Está, para empezar, el tema del conocimiento, del vuelo, de las ramificaciones de su conocimiento. Del carácter enciclopédico de su conocimiento. No es que fuese Heidegger o Goethe, o el Dante, como hubiese preferido al hablar de parecidos, o semejanzas. Y sin embargo, con cuántas sorpresas salía al calor de una conversación matutina rumbo al café, ese café que le hacía el quite al trabajo oficinesco que es también el del periodismo; o durante un regado almuerzo, o una cena, o en cualquier momento del día que compartiera con nosotros.
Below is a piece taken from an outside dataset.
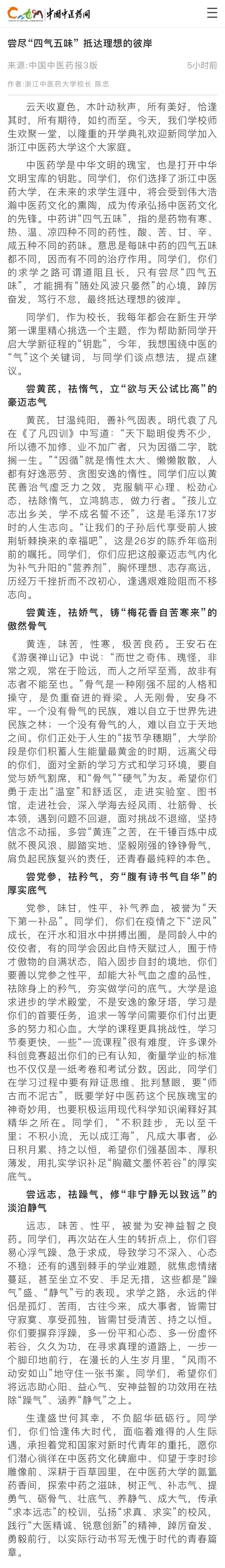中医药学是中华文明的瑰宝,也是打开中华文明宝库的钥匙。同学们,你们选择了久久精品一区二区三区四区,在未来的求学生涯中,将会受到伟大浩瀚中医药文化的熏陶,成为传承弘扬中医药文化的先锋。中药讲“四气五味”,指的是药物有寒、热、温、凉四种不同的药性,酸、苦、甘、辛、咸五种不同的药味。意思是每味中药的四气五味都不同,因而有不同的治疗作用。同学们,你们的求学之路可谓道阻且长,只有尝尽“四气五味”,才能拥有“随处风波只晏然”的心境,踔厉奋发,笃行不怠,最终抵达理想的彼岸。

La singularidad de una planta cualquiera que divisaba en un jardín cercano, a la que se refería por su nombre científico; la letra completa en italiano o en dialecto siciliano de una ópera de Mascagni; los orígenes perdidos en el tiempo de un plato de garbanzos con tocino, la marcha equívoca de la sociedad, las trampas dialécticas del comunismo, las cumbres literarias. Todo lo sabía, o aparentaba saberlo, que ya es mucho, al punto de que uno se preguntaba, de que yo me preguntaba, ¿cuándo aprendió tanto? Porque nunca lo vi leer nada. ¿O leía, y en qué momento? ¿Estudiaba? ¿Y cómo fue que yo nunca supe nada de esas cosas que hablaba? ¿Es que todo ha pasado ante mis ojos, sin darme cuenta? ¿Es que no tuve tiempo de aprender, enfrascado como estaba en otros asuntos? O lo peor, ¿traté de aprender y no me resultó? Sea lo que fuere, he allí el primer misterio que nos ofreció su vida.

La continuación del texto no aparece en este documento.